**GIVEN MATERIAL:**
•••••

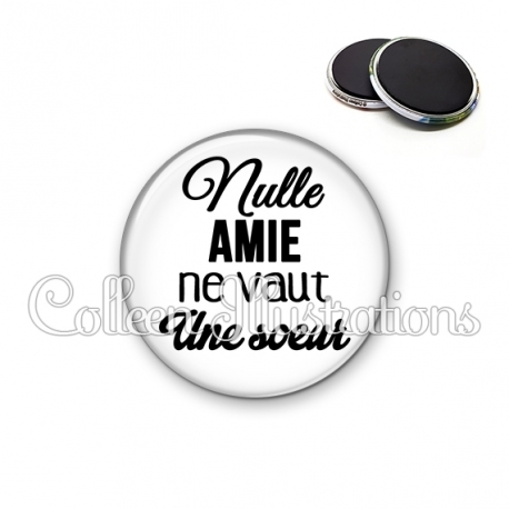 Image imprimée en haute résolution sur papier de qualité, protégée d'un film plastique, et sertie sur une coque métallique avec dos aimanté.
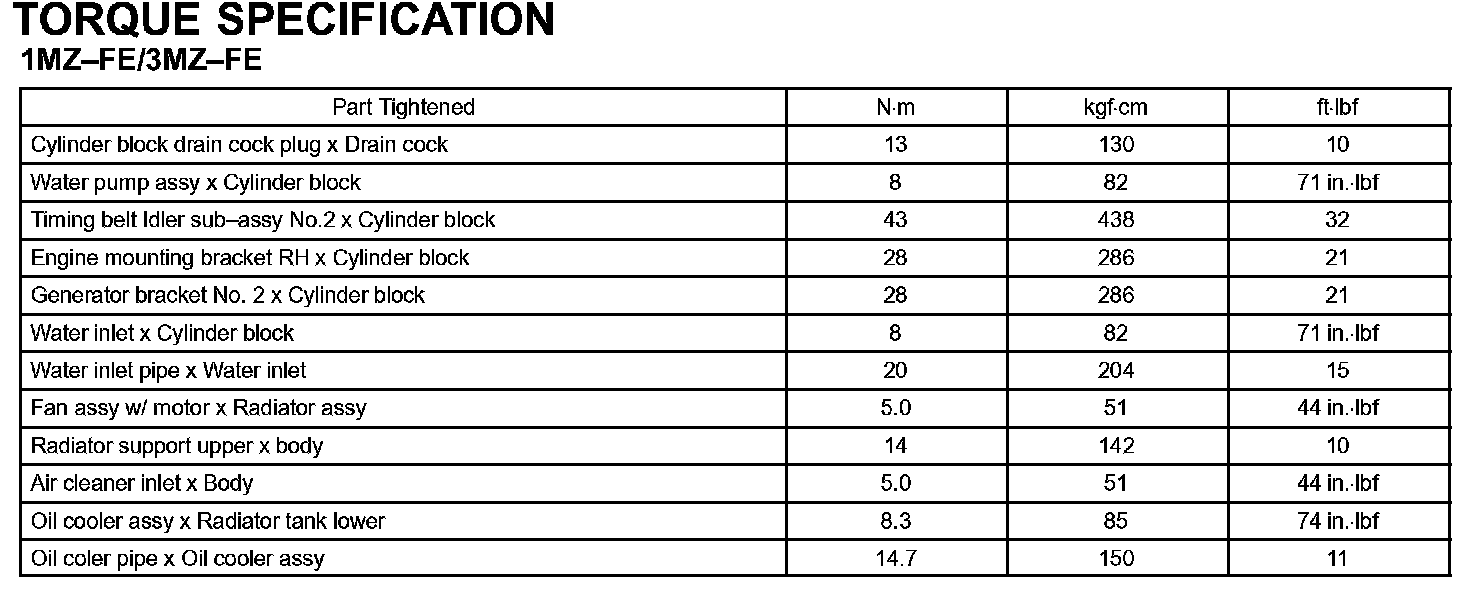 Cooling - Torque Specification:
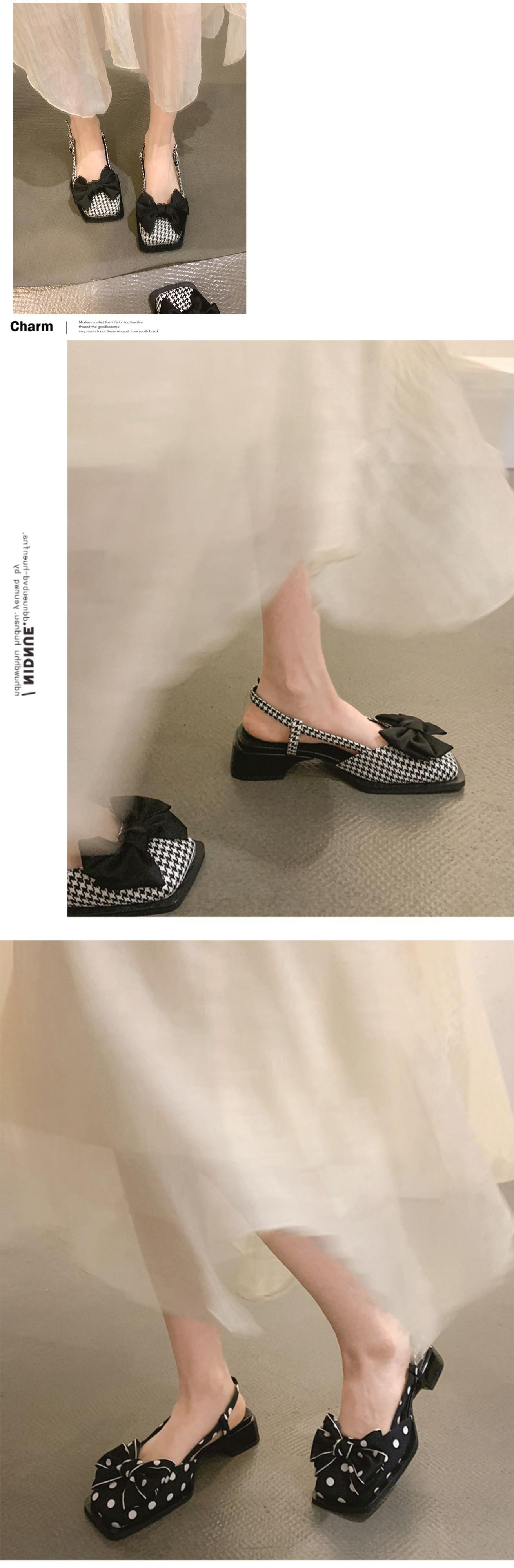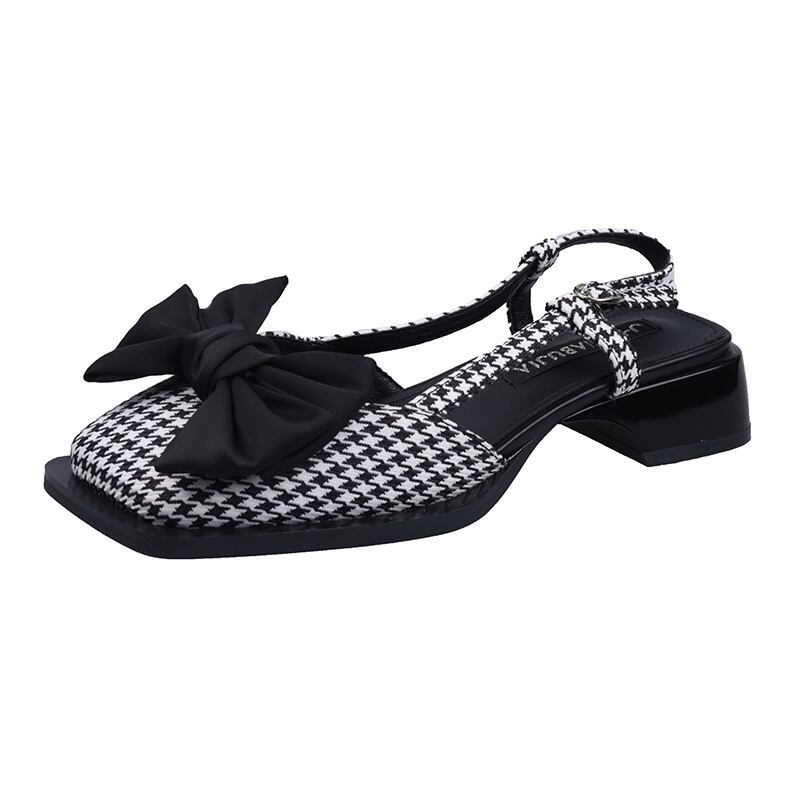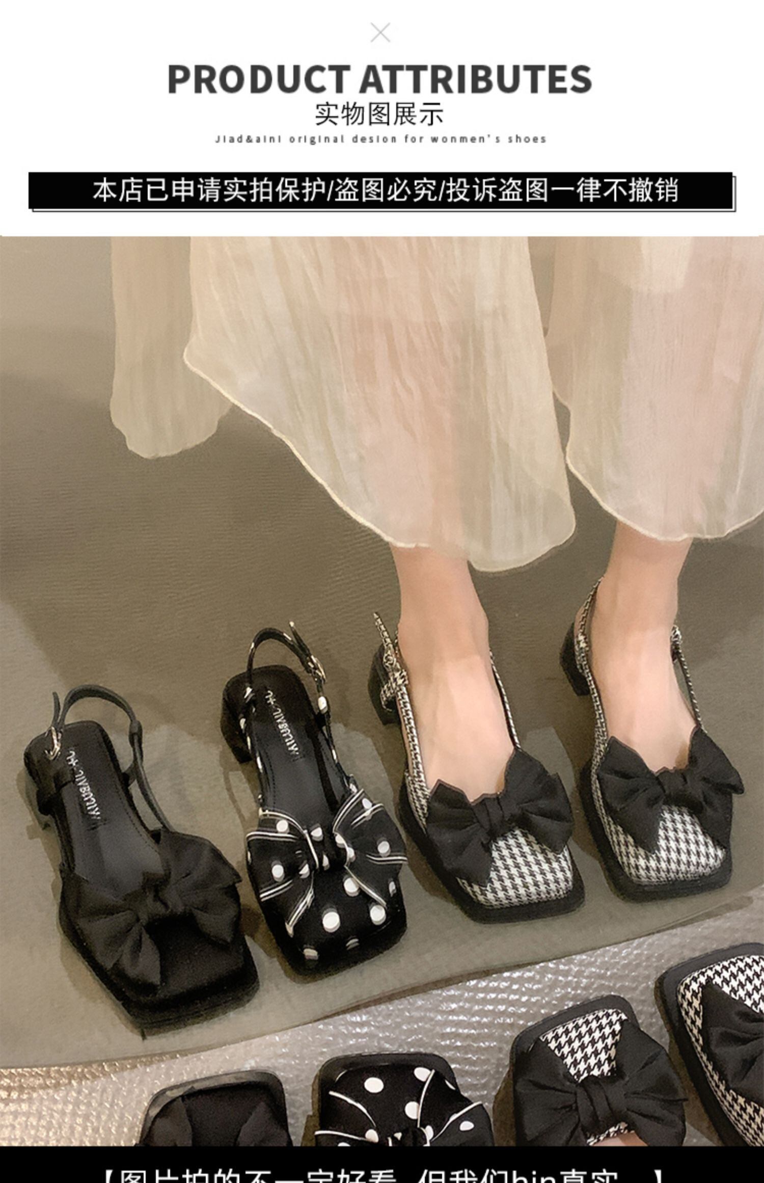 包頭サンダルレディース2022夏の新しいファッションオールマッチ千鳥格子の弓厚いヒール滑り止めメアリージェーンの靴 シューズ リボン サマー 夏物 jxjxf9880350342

•••••

**TRY IT:** For each line above, output its wording exactly and leave out any picture.

**EXERCISE RESPONSE:**
 Image imprimée en haute résolution sur papier de qualité, protégée d'un film plastique, et sertie sur une coque métallique avec dos aimanté.
 Cooling - Torque Specification:
 包頭サンダルレディース2022夏の新しいファッションオールマッチ千鳥格子の弓厚いヒール滑り止めメアリージェーンの靴 シューズ リボン サマー 夏物 jxjxf9880350342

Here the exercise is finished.